We have re-examined the dual complementarity for ancestral tRNAs that were reconstructed from the updated compilation of more than 8000 tRNA gene sequences covering the three main kingdoms of organisms—eubacteria, archaebacteria and eukaryotes (Sprinzl and Vassilenko, 2005). Dual complementarity was detected for pairs of ancestral tRNAs with completely complementary anticodons and was not detected for pairs in which only the second bases of anticodons were complementary (Rodin and Rodin, 2006a). This surprising difference suggests that
the dual complementarity originated when the three-letter frame of translation had already been in full use.
Although coevolution of these two codes could have started with the duplicates of same trinucleotides, both classic and operational codes were originally highly ambiguous. Specifically, only the second bases could have actually encoded the groups of similar amino acids at the time when the first protein aaRSs began to replace their ribozymic precursors (for details, see Rodin and Rodin, 2006a).
The dual complementarity is consistent with the archaic in-frame translation of both strands—sense and antisense
Figure 2 illustrates this statement for a hypothetical primitive gene consisting of complementary GCC and GGC triplets that encode Ala and Gly, respectively. Ala and Gly were likely the first amino acids incorporated into the genetic coding (Eigen and Schuster, 1979; Rodin and Ohno, 1997; Klipcan and Safro, 2004; Patel, 2005; Trifonov, 2005). Translation of both strands in the same frame suggests that at first the repertoire of codons expanded by complementary pairs rather than one-by-one. In Figure 2, the GCC → GUC (Ala → Val) transition in one strand is necessarily complemented by GGC → GAC (Gly → Asp) transition in the opposite strand (Figure 2a); accordingly, the evolving code gains a new pair of codons, GAC and GUC, for a new pair of amino acids, Val and Asp.
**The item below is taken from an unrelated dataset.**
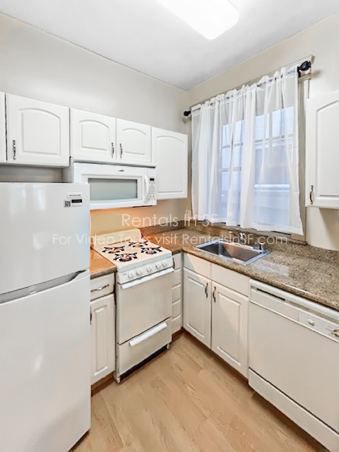 This one bedroom apartment has updated kitchen and bath. Open concept floor plan – living room is open to the kitchen with French doors to the bedroom. The kitchen features granite counters, lots of cabinet space, and all appliances (fridge, gas range, microwave, dishwasher & disposal). 3/4 bathroom (shower only). Hardwood floors throughout.

Such a concerted recruitment of Val and Asp in translation would imply at least two duplication events for tRNAAla and tRNAGly genes, with the subsequent Val- and Asp-specific mutational ‘tune-ups.’ If the original pair of tRNAs with complementary anticodons, that is, tRNAAla and tRNAGly, carried complementary second bases in the acceptor stem (and it is likely that they did (Figure 2b)), then there is a high probability that their duplicates with complementarily mutated anticodons, tRNAVal and tRNAAsn, preserve this dual complementarity (Figures 2b and c) while gaining the specific identity elements for new amino acids (Val and Asp, in this case) elsewhere in their cognate tRNA molecules (for details, see Rodin and Rodin, 2006).
First pairs of complementarily encoded amino acids
Our belief was that pairs of tRNAs with G:U or A*C illegitimate pairings in their anticodons should also demonstrate significant dual complementarity, because G:U and A*C represent transitory mutational states in simultaneous sense–antisense in-frame coding, where one strand has already gained the mutation, whereas the opposite strand remains in the parental state (Figure 2a). However, we observed significant dual complementarity in pairs with such illegitimate pairing (G:U and A*C) at the flanking positions, but not in pairs with the illegitimate base pairs in the central position. Namely, out of 16 amino acid tetrads, only two (Ala(GCC), Gly(GGC), Val(GUC) and Asp(GAC)) and (Ala(GCG), Val(GUG), Arg (CGC) and His(CAC)) were complementary at the second position in their acceptor and anticodon in all four combinations: two legitimate G-C and A-U, one wobbling G-U and one A*C (Figure 2b). This means that (1) the central nucleotide-based skeleton of the genetic code (Table 1) was initially established for a few (four to six) amino acids, such as those from the above two tetrads and (2) subsequently, the code expanded mostly via conservative, or even silent, substitutions of the flanking nucleotides (Figure 2a). Interestingly, two basic amino acids, Arg and His, show significant stereochemical affinity to cognate triplets in selected RNA aptamers (Yarus et al., 2005). Gly, Ala, Asp and Val were the most preponderant of the abiotically synthesized amino acids (Miller, 1987). These four amino acids and their nearest one-transition-step-apart mutational derivatives generated the tRNA tree with a major NRN vs ИYИ dichotomy (Figure 2b). This dichotomy is consistent with (1) the primacy of Gly, Ala, Asp and Val in nearly every scenario of the origin of the genetic code, (2) the double-strand coding-based expansion of the genetic code, and (3) the preservation of dual complementarity. Significantly, no other amino acid tetrad generated such a bilateral branching pattern (Figure 2c).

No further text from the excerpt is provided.